After reading Ephesians, Proverbs and a little smack of John Calvin,  I sat down at the computer to write my amusing post.   My ancient, arthritic, obese dog saw this as his cue and threw-up just behind my chair.
So I didn’t write anything….as I was busy cleaning up dog throw-up, with a cheerful attitude.
And, since  I was up, I got the laundry moving,  figured out breakfast for seven, chatted with my burly husband, threw back a couple of cups of coffee ,  and then sat down to write an amusing blog post at 6:15.
Just then,  Two Children entered the room squabbling about something trivial.
I stopped writing, gave a mini-lecture about The Blessedness of the Peace-Maker and then  went straight out for a long run on the trail by the river, while the squabblers made peace and went over their math corrections.

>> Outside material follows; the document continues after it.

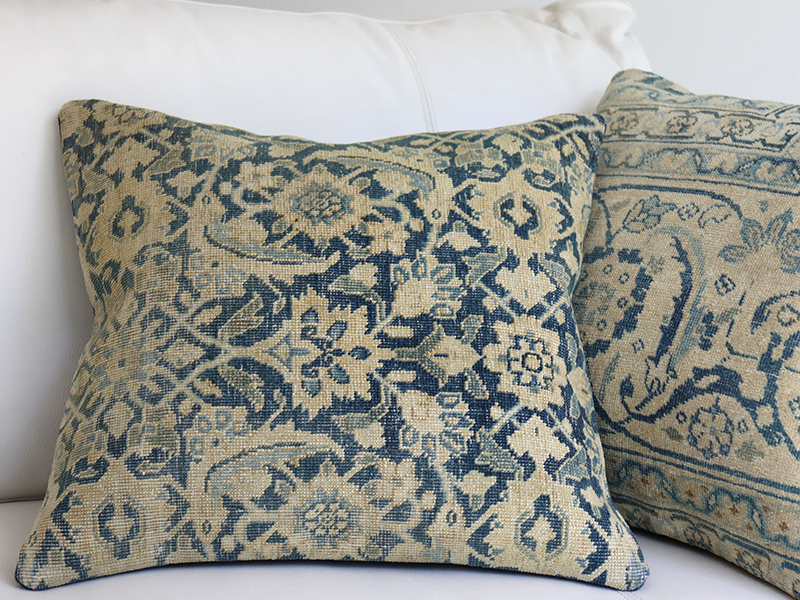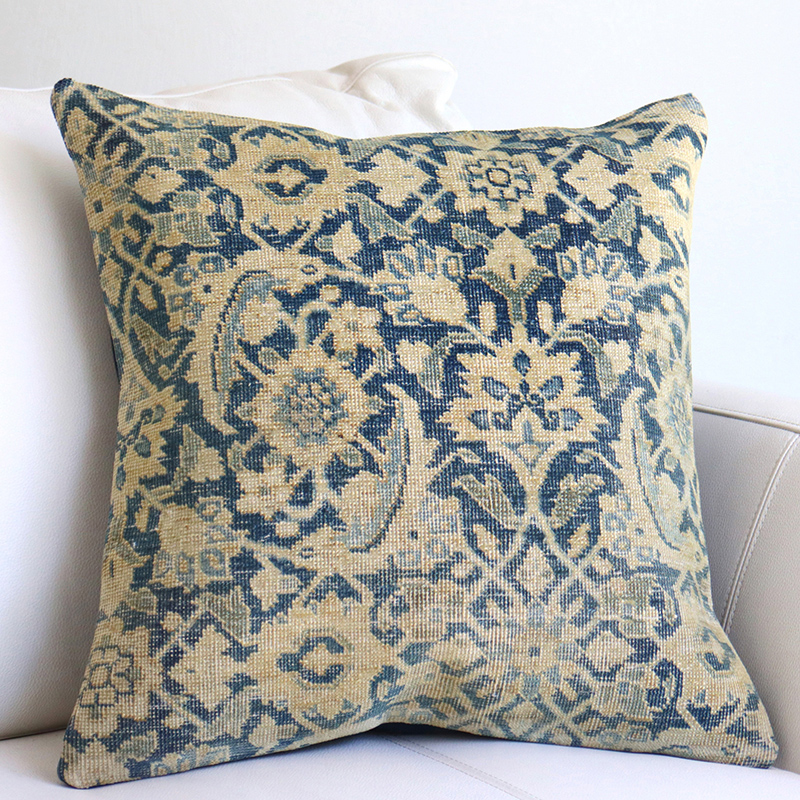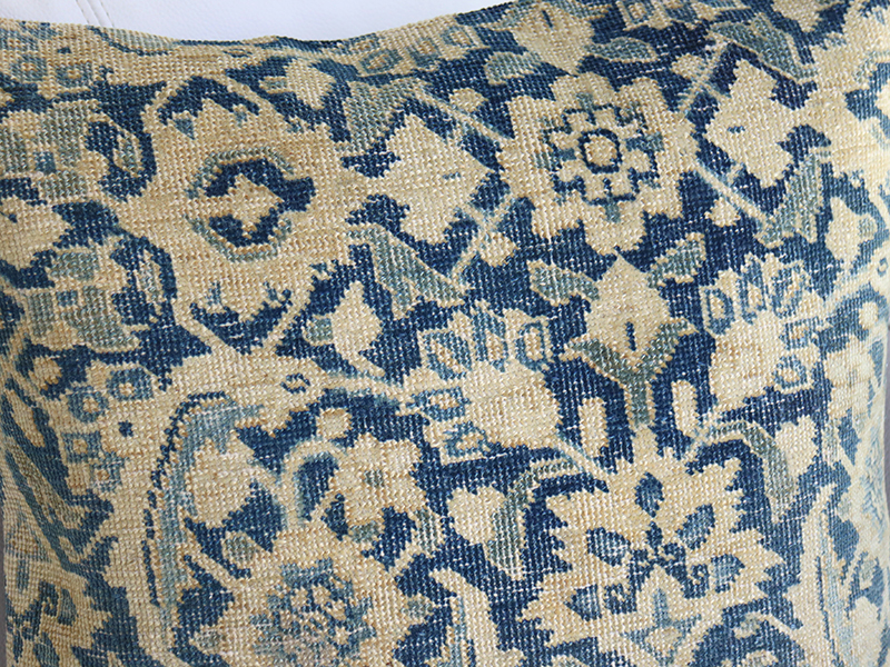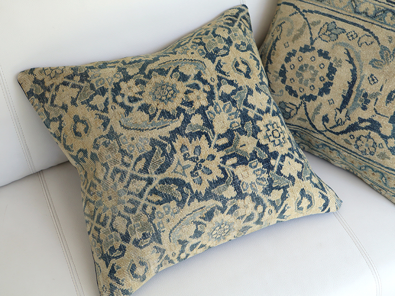 【15%OFF】ヴィンテージ・絨毯クッション 45cm角 ブルー ブリーチしたアンティーク加工

There is nothing as rejuvenating as a run in the green green forest in May, by the way.
Once home, I showered, fed the gang and planned the day with them, cleaned the kitchen up, did  math and grammar lessons, marked a geometry test,  paid a pile of bills, and then sat down to write an amusing blog post.  While I was trying to be amusing, there were four people in the room talking to me and about me, and then the phone rang adding one more talking person which caused my brains to melt and ooze out of my ears.  When I read whatever I had written, I discovered that it was not amusing in the least.  It seemed like a good time to put together the information the Heart and Stroke Foundation asked me to prepare for them to pick up by 9am…as it was 8:45.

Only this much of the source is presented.